Batch ETL of Multiple Data Files Using an SSIS Foreach Loop Container

  • imz (6/13/2013)


    RonKyle (6/13/2013)


    You can actually simplify it even more if you like, by using a File System Task, instead of a Script Task to move your processed files once done. That way you don't even need to write any code!

    Having just spent the past several days developing imports for multiple csv and xls files, I would recommend that a script task would be best to do the move. The move file task seems to be buggy, at least with variables, and the suggested work around of using a copy followed by a delete affects file properties such as creation date.

    I have used the File task with variable and never encountered a problem so I'm curious to know what issues have you had and in what scenario(s). Do you have some examples you could share?

    Thanks in advance

    File system task with a variable works just fine for me, not buggy at all.

  • Wonderful.

    Share a website with you ,

    ( http://www.femalemalls.com/ )

    Believe you will love it.

    We accept any form of payment.

    http://www.femalemalls.com/Michael-Kors-Handbags-n2447/

  • Would you be able to send a snapshot of the appropriate tabs on your file task system. I would be very interested to see it.

    Thanks,

  • Here are some screenshots of how I use the File Task.

    First I have ForEach loop that will scan a folder looking for files matching a prefix. Here I'm using variables for folder path, file mask (ForEach1.jpg) and to capture the names of each file found in another variable (ForaEach2.jpg). Inside the ForEach loop I have the File Task that will move a file using the "Move File" operation (FileTask1.jpg). You could also use the "Rename File" to move a file if you need to rename the file as you move it (e.g. add a time stamp to the file name).

  • I'm really puzzled by this as that's exactly how I had it set up. The first two steps are still that way since w/o that the code wouldn't work as well. It's very odd that the same variables that don't execute using the File Task work fine as code. The file is getting renamed, so maybe I will try it again using the rename even though the move function works in code.
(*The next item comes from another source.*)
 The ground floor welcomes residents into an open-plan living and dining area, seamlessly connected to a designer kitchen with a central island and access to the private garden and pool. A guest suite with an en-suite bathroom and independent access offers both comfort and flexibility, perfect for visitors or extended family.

I'll post the results one way or the other.

  • The "Move File" operation will not allow you to change the name so the destination can only contain a path to the file folder without the file name. If you want to move it and give it a different name at the same time then you need to use the "Rename File" operation. It was confusing to me at first and I still don't understand why they chose to give this functionality to the "Rename File" operation instead of giving it to the "Move File" one or even create another called something like "Move and Rename File".

  • Doing it as a rename worked. I'm all for using code, but if a non-code solution will do, I'll use that instead. Thanks,

  • I've used both Script Tasks and File System Components to perform file manipulation but try to use native SSIS components to perform an operation when available meaning I tend towards the File System Task unless there's specific reason not to.
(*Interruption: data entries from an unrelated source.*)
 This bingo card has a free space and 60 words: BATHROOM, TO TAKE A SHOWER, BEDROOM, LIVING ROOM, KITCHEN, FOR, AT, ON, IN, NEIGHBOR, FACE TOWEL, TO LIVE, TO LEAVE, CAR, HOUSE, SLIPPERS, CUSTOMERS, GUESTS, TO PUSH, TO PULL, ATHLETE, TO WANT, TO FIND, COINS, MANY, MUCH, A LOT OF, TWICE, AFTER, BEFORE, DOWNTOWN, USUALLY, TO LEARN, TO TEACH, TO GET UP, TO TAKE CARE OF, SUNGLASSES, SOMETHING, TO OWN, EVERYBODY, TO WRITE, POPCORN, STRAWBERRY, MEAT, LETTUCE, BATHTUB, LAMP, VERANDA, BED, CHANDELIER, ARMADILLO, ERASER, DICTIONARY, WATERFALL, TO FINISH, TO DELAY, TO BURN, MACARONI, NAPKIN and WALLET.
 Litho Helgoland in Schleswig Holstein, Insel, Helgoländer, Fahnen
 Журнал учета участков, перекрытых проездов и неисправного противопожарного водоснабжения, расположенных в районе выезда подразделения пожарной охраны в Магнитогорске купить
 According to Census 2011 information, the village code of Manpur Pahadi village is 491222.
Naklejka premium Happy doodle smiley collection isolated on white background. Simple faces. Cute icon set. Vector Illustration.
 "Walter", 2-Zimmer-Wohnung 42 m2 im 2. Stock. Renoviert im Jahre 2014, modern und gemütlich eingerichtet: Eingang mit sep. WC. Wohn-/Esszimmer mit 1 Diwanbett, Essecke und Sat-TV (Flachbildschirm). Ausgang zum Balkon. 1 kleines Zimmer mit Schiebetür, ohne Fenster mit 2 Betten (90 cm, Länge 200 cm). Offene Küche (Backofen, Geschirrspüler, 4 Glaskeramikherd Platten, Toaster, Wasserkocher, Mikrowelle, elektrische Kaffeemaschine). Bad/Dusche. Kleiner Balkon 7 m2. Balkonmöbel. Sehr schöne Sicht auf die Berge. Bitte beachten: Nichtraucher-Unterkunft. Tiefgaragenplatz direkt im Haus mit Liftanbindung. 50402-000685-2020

    Because the Script tasks are basically just wrappers for C#/VB .net code you could effectively write a whole application to perform any operation all the way down to a full GUI if desired, but that's not really what it was intended for. The script task is very powerful but it obfuscates the tasks that it performs by removing the logic from SSIS and placing it in a different environment. It's more a personal preference than anything but I just like being able to follow the logic in a package without having to open up a script task, open the script in a separate Visual Studio code window, look at which DLLs were loaded to perform specialized operations, try to figure out which variables are passed back and forth etc.

    Regarding the loading of multiple files of the same format one thing that has been very handy in certain circumstances is the Multiple Flat File connection manager. You can use the same kind of wildcard matching that you'd use in a for each file loop and treat any number of like-formatted txt files as a single file. It's especially handy if your data flows include lookups or other operations that have to occur every time the data flow is loaded since they will only occur once as opposed to every iteration of the outside loop. Not a solution in all cases since you wouldn't be able to do file-by-file archiving as easily but useful nonetheless.

    Kris

  • I tried the code that was suggested in the visual basic 2008 script and get an error for the following statement:

    Dim input_file As New FileInfo(Dts.Variables("FilePath").Value.ToString)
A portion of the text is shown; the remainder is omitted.